Published on: August 11, 2021

gymnast girl stretching on a mat

It’s one of the calls no parent ever wants to get.

I was sitting in a coffee shop at the mall. My older daughter and our two foreign exchange students were enjoying a shopping outing while my younger daughter was at gymnastics practice. I was writing an article on my laptop when the phone rang. It was the gym.

I picked up to hear a breathless coach tell me that my younger daughter had taken a bad fall from the uneven bars and had “at least” a broken arm. Our exchange students got a different kind of American experience as we hurtled down the highway in my minivan to get to the hospital.

The following hours were a blur. My daughter had shattered one arm and both dislocated and broken the other. She had emergency surgery that night. My husband and I were worried sick, but also couldn’t help being grateful that she didn’t injure her head or spine, like another local gymnast who had been paralyzed by a fall the year before.

When the news that Simone Biles had pulled out of the Olympics reverberated around the world, I was reminded of that anxious night in the hospital. Biles cited a “bad case of the twisties,” a term used by gymnasts to refer to getting lost in the air. It’s a mind-body disconnect that can happen due to fatigue and stress, mental or physical — and it can lead to injuries.

When my daughter fell, she was doing a level seven move she’d done hundreds of times before.
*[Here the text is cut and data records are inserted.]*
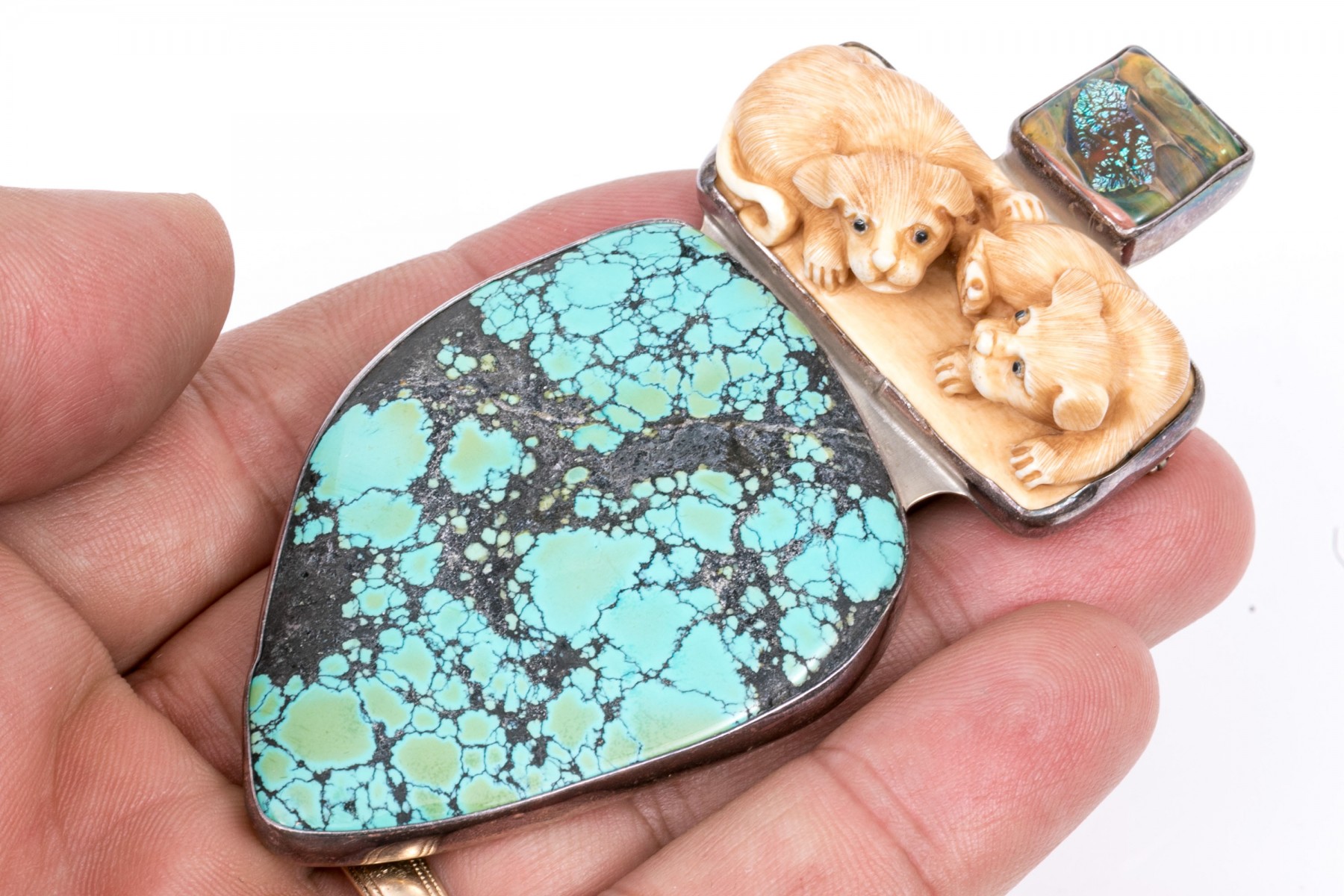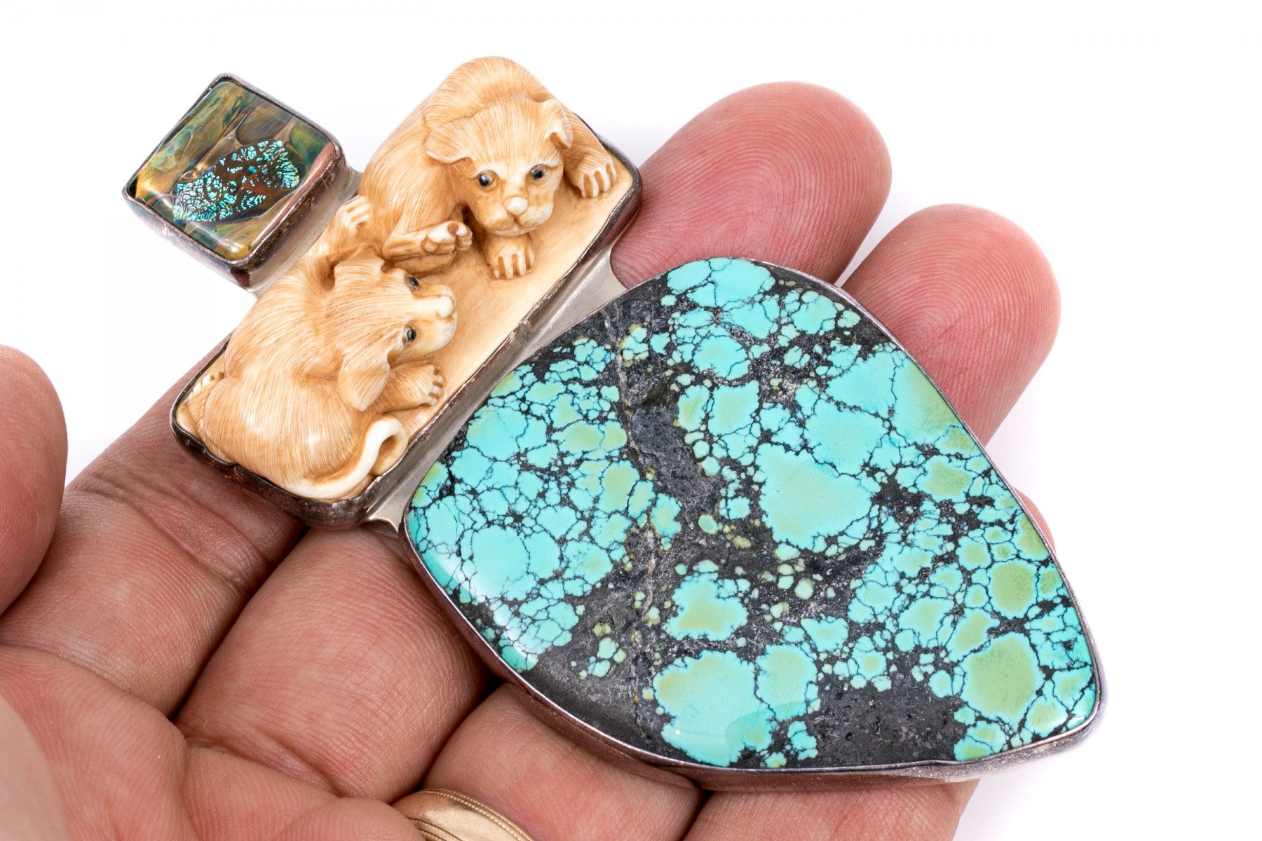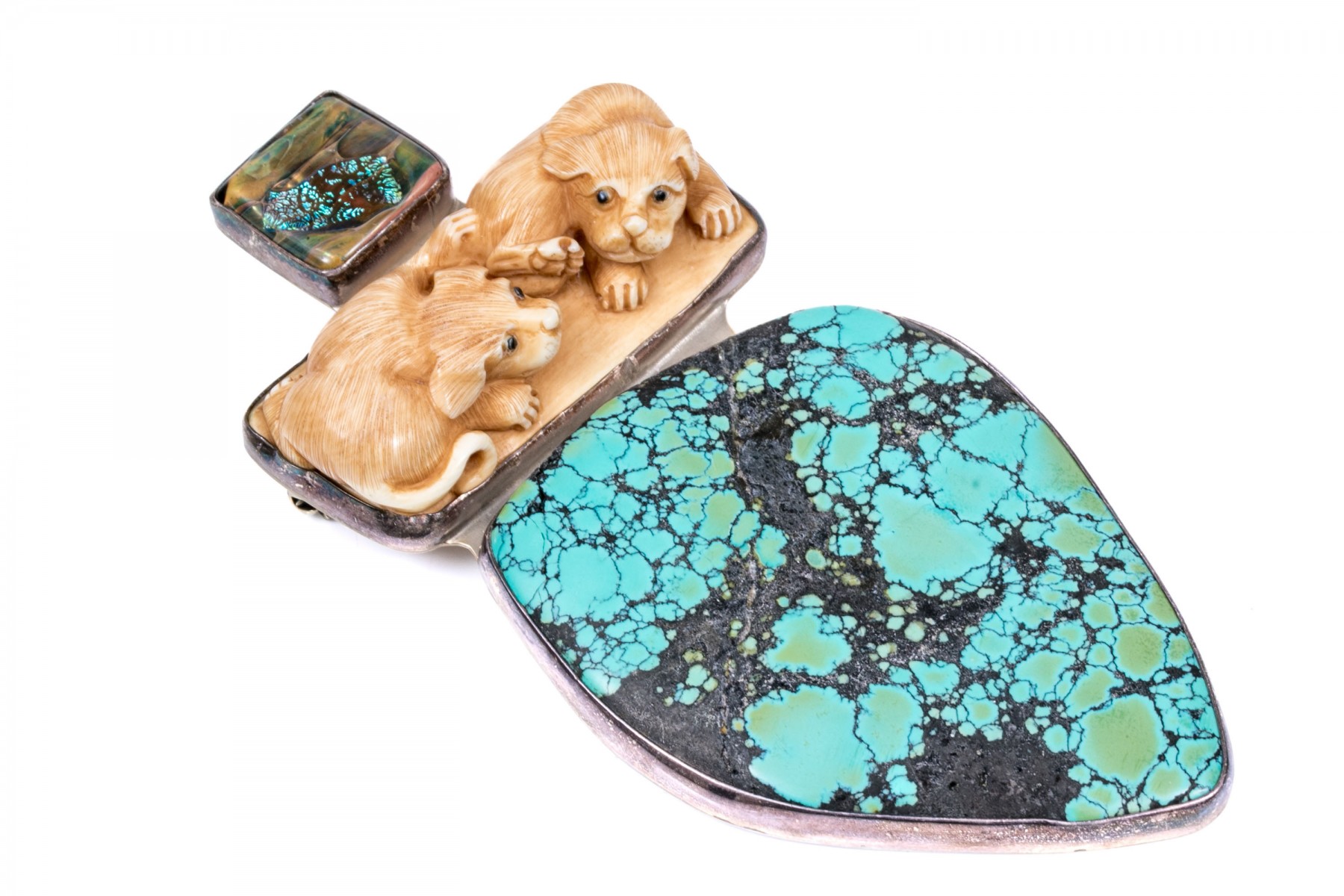 Sterling silver brooch. This striking, hand-made brooch by Amy Kahn Russell is a large, freeform turquoise, bezel set and topped with carved bone playing cats, and a bezel set iridescent glass top. The brooch is also accompanied by a bale in the back, so it can be worn as a pendant
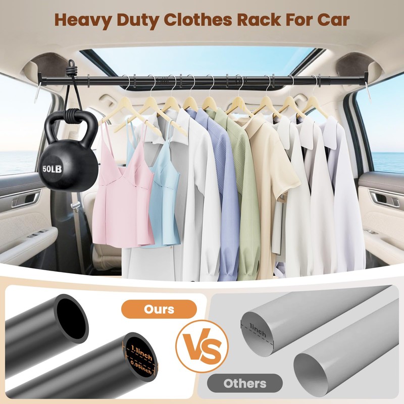 - HEAVY-DUTY LOAD CAPACITY: Constructed with robust three-section iron pipe for superior strength, this car clothes hanger bar securely holds 50 lbs heavy clothing loads without bending. The durable design prevents damage and ensures reliable use during travel or daily commutes. Perfect as a high-performance clothes rod for car and essential car hanging accessories
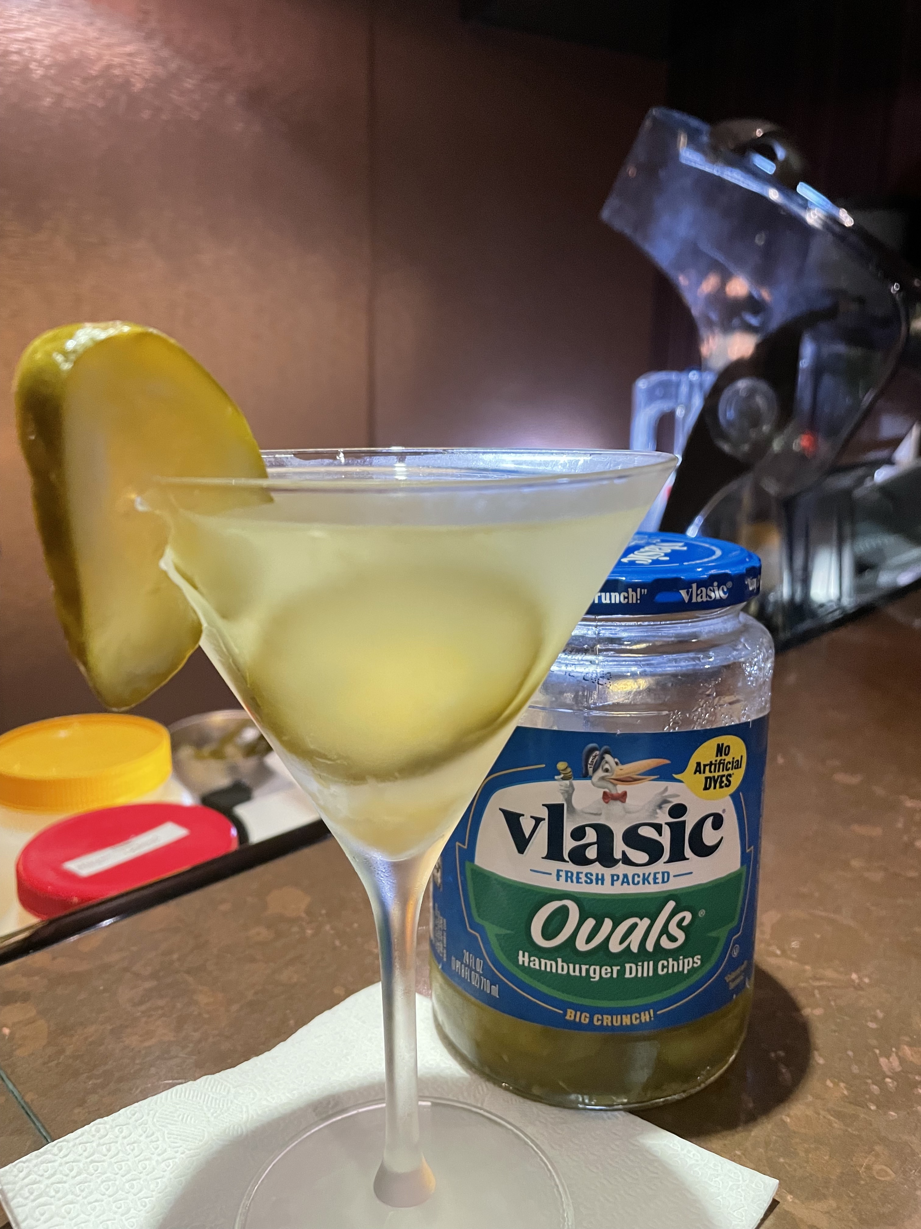 On my next sea day (in three days’ time), I will be ordering this drink created by one of the ship’s bartenders, William Villianueva, who made me this martini after I told him that 1. I don’t like martinis, and 2. I love dill pickles. He very graciously gave me the recipe, so here it is. It is surprisingly good. I enjoy drinking it while playing Clue in the bar like a big old nerd. It’s one of the things I’ll miss when I’m back home.
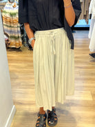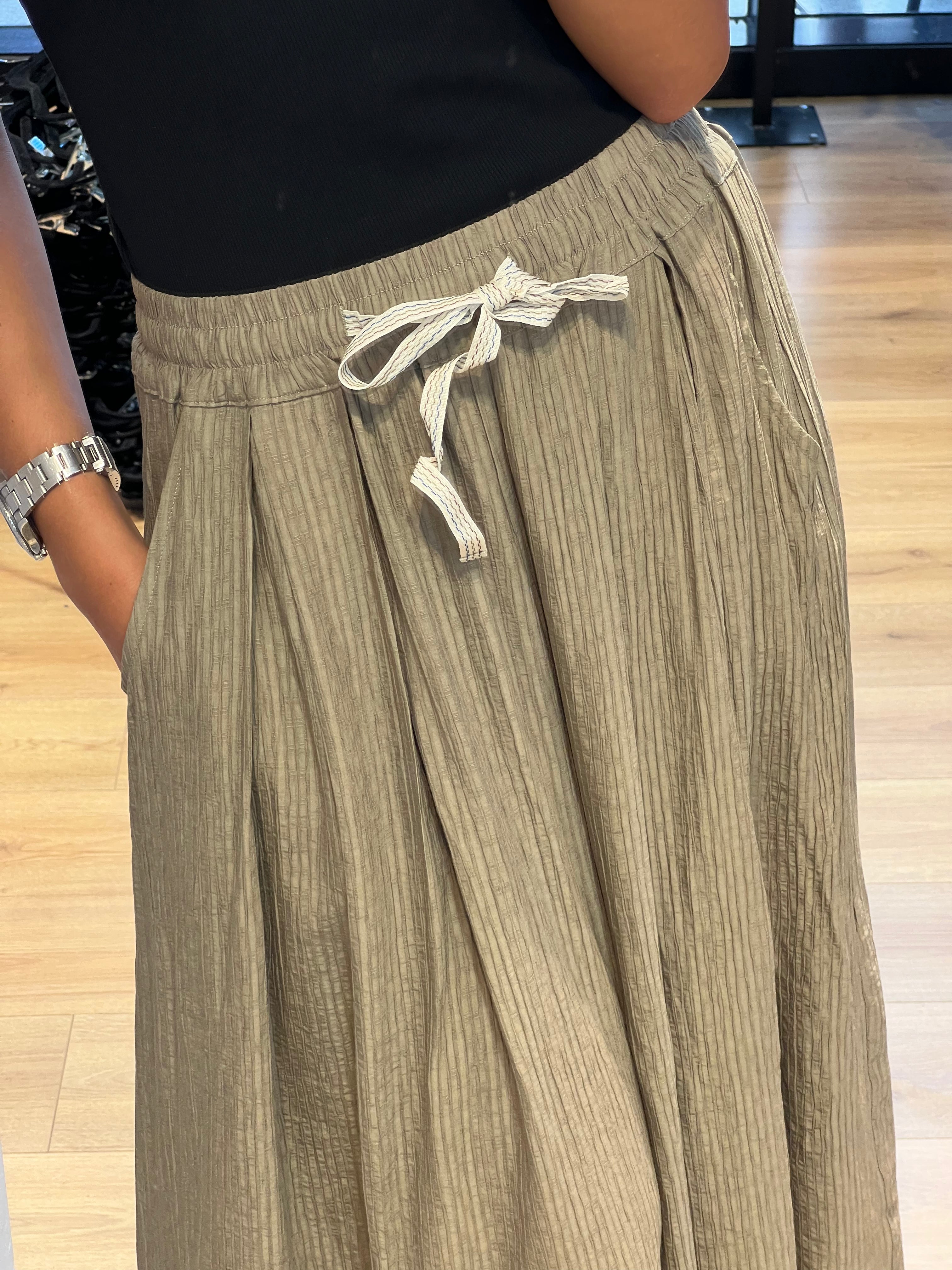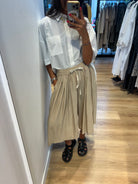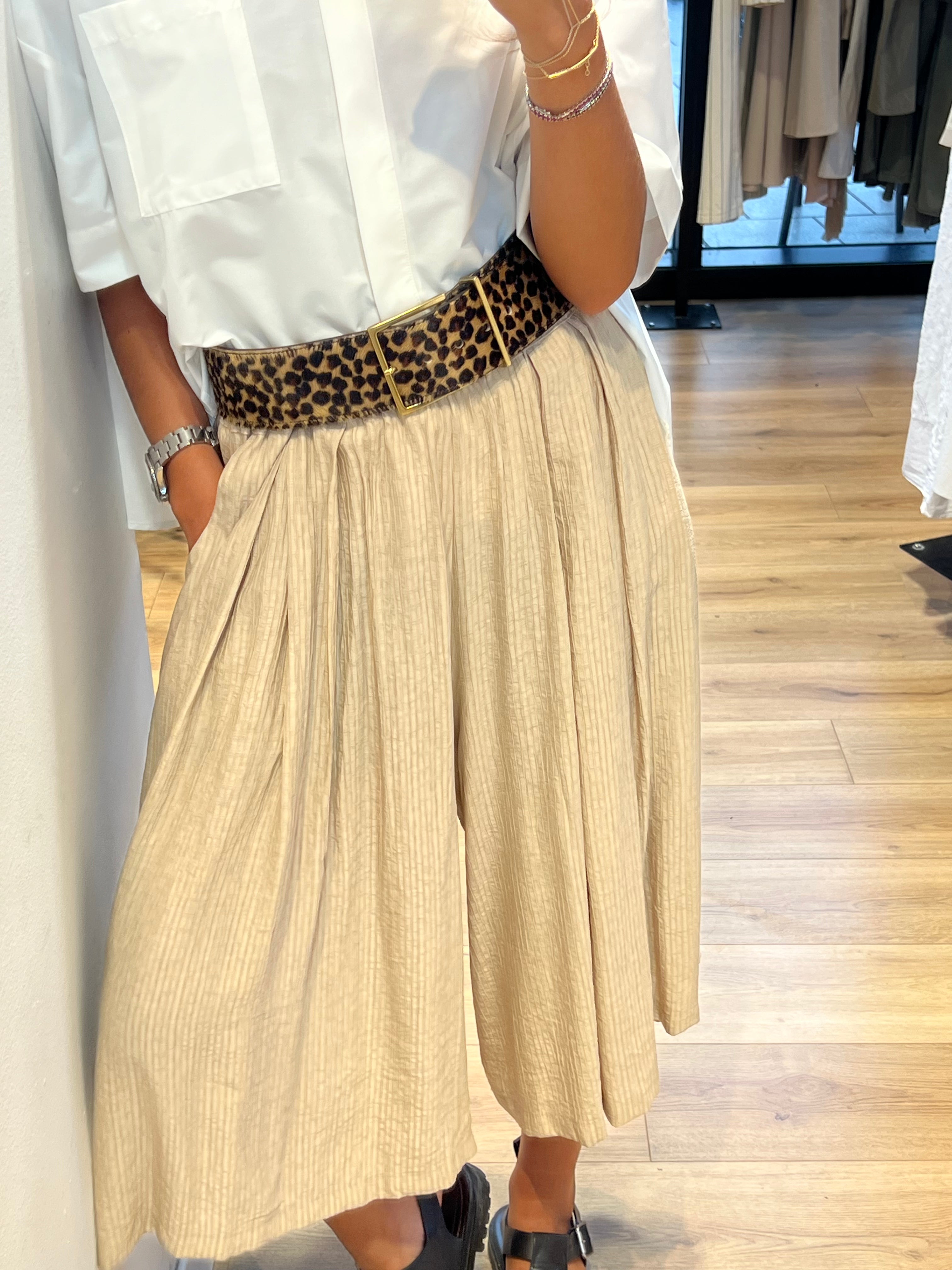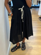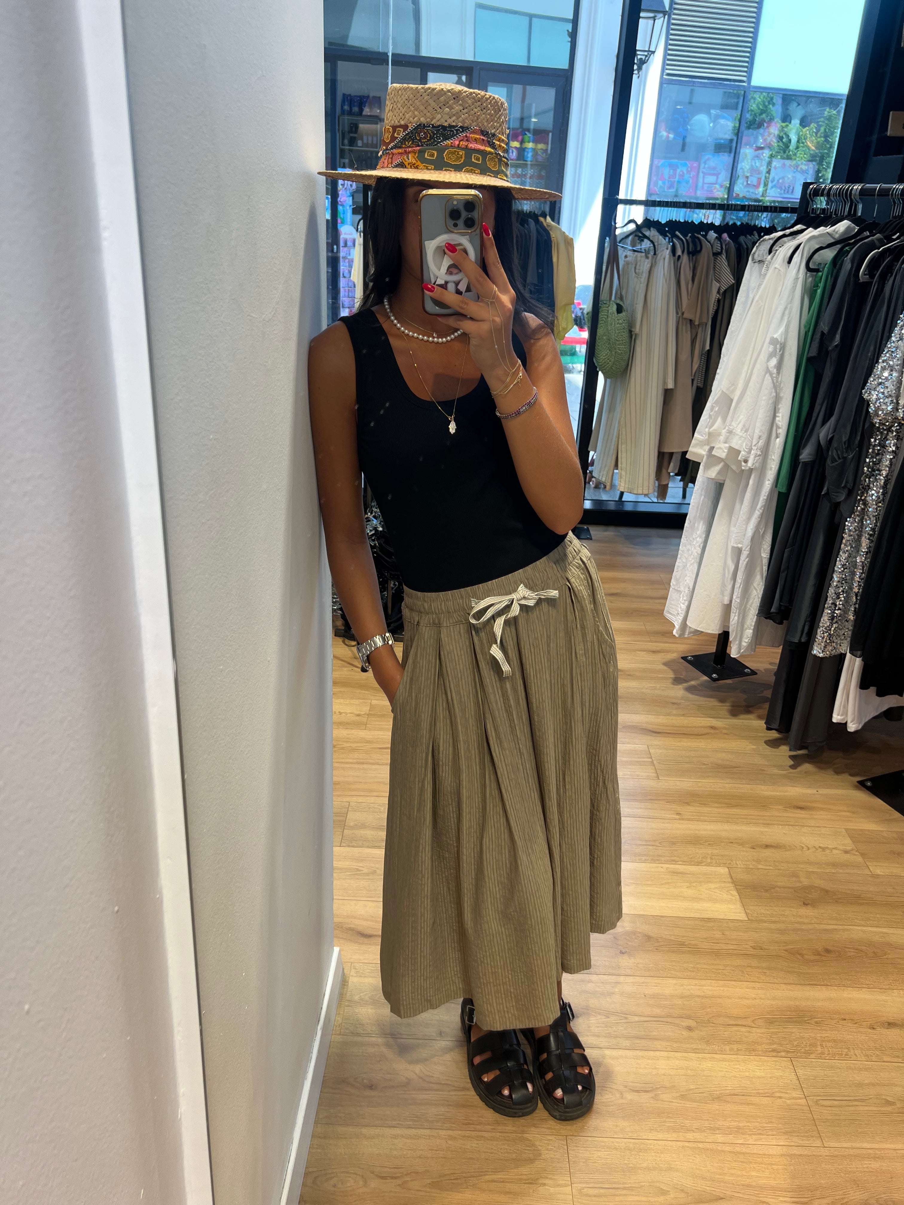 Craquez pour notre skirt pants, l’équilibre parfait entre la fluidité d’une jupe et le confort d’un pantalon. Sa coupe large et son tissu léger créent une silhouette flatteuse et moderne, facile à porter au quotidien comme pour une occasion spéciale. On l’aime avec une chemise rentrée pour un look chic, ou avec un tee-shirt loose pour une allure plus cool.

She thinks, looking back, that it happened because she was tired and stressed. She lost herself in the air. The hours of gymnastics practice plus the pressures of school were wearing on her, and she hadn’t been sleeping well because she was anxious about her state-level competition, which was to take place the day after her accident.

Our family got nothing but support after her injury, and no one pushed her to go back to competition. Of course, unlike Biles, my daughter’s injury was physical, not mental. And our gymnast didn’t have the whole world watching and questioning her every move. But if her mental strain caused her physical injury, then isn’t mental health just as important as physical health? 

Most of the public was supportive of Biles’s decision, but a few people seemed to think that she should have continued on, as when Kerri Strug vaulted on an injured foot at the 1996 Olympics. Some said that Biles' mental health wasn’t a valid reason for stepping back. Yet, as many elite gymnasts have pointed out, getting lost in the air doing skills at Biles’s level could result in falls that can result in devastating injuries, and even death.

What Biles did is much more important than winning. 

What is sad is that Biles shouldn’t have had to explain herself. She is a human being, not a robot programmed to win medals for her country. The stress on elite athletes is immense and is intensified by social media and 24-hour news coverage. To perform at this high level requires intense concentration and being in the right headspace. Even the smallest distraction can detract from performance, whether the result is a dangerous fall or a low score.

My daughter healed well, and after a year off, she even went back to gymnastics — but she chose a much less intense version of competition called Xcel, which had fewer hours of practice and a much more relaxed vibe. It was hard for my husband and me to allow her to return to the gym, but it was her choice. She wanted to face her fears, and she missed the sport. But she didn’t want to get as stressed as she had been before, and with Xcel, gymnastics became fun again. After doing the Xcel program for a season, she left gymnastics for other activities.

My daughter learned an important lesson in the hardest way — of knowing when to stop.  

What Biles did is much more important than winning: She showed the world that even the best of us need to take care of ourselves both mentally and physically. I hope that her act of courage will be the beginning of a new way of training athletes to know themselves better, in mind, body and spirit.